Irene McGee''s exit from The Real World: Seattle in 1998, the Jurassic age of reality TV, was memorable. No more than 30 seconds after she got into her friend''s car to leave, Stephen Williams - a fellow housemate and constant source of conflict - rushed up and delivered a farewell smack to McGee''s face now known as "the slap heard ''round the world."

That clip has been replayed countless times on reality television recap shows and news broadcasts, and now lives forever on YouTube. "It was like, the highest-rated moment in cable television that year," McGee says 15 years later, seated in her Manhattan studio apartment. "That''s crazy. I''m known for being hit in the face."

Here''s another crazy thing about that moment: McGee did not leave The Real World because she had Lyme disease, as the show''s producers made it seem. She left because the entire operation was rigged. The show is set up to make people mean, to incite drama. Every season, it constructs a narrative faithful to conventional story arcs, but with all the trappings of water-cooler gossip.

The key word there was construct. Reality TV is fiction sold as nonfiction, to an audience that likes to believe both are possible simultaneously in life. It''s entertainment, in the same way Cirque du Soleil enchants and The Hunger Games enthralls. But what are we to make of unreal realness? And what does it make of its viewers? Do they, like McGee''s former housemates, mimic the medium?
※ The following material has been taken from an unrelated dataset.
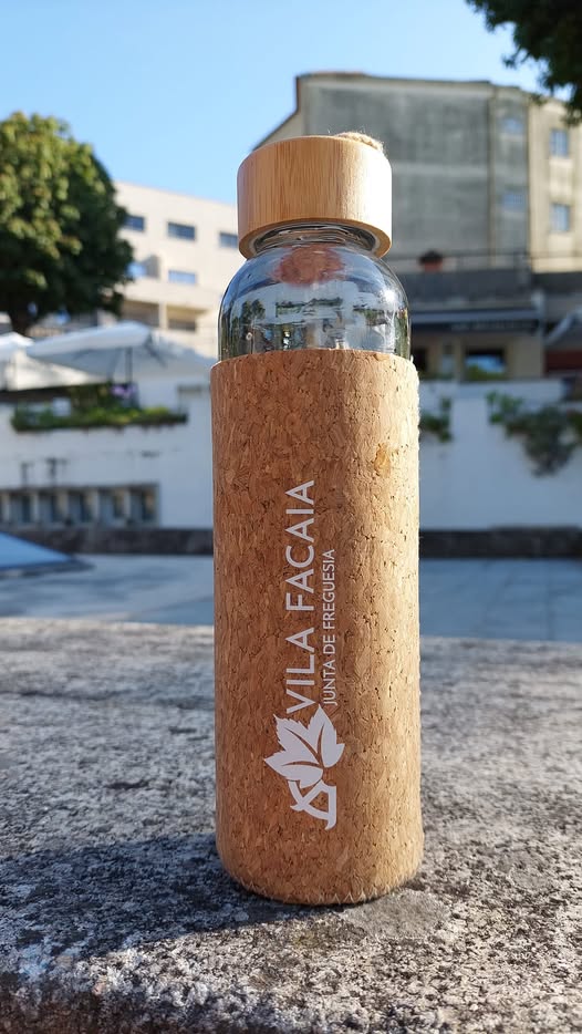 Garrafa de vidro com capa em cortiça e tampa de madeira com texto Vila Facaia

Do they become shallow, volatile, mean?

Building the Better Narrative

Reality TV now includes the full spectrum of Americana among its stars. The bronzed L.A. housewife who rakes in millions from her line of luxury perfume stands shoulder-to-shoulder with the Alaskan crab fisherman who spends his working hours shaking hands with death. Plot and structure may differ, but reality TV welcomes all. "The one common element in all the shows is the respect and attention given to ordinary and flawed people," says Steven Reiss, emeritus professor of psychology at Ohio State University. "It is the key value asserted by the shows."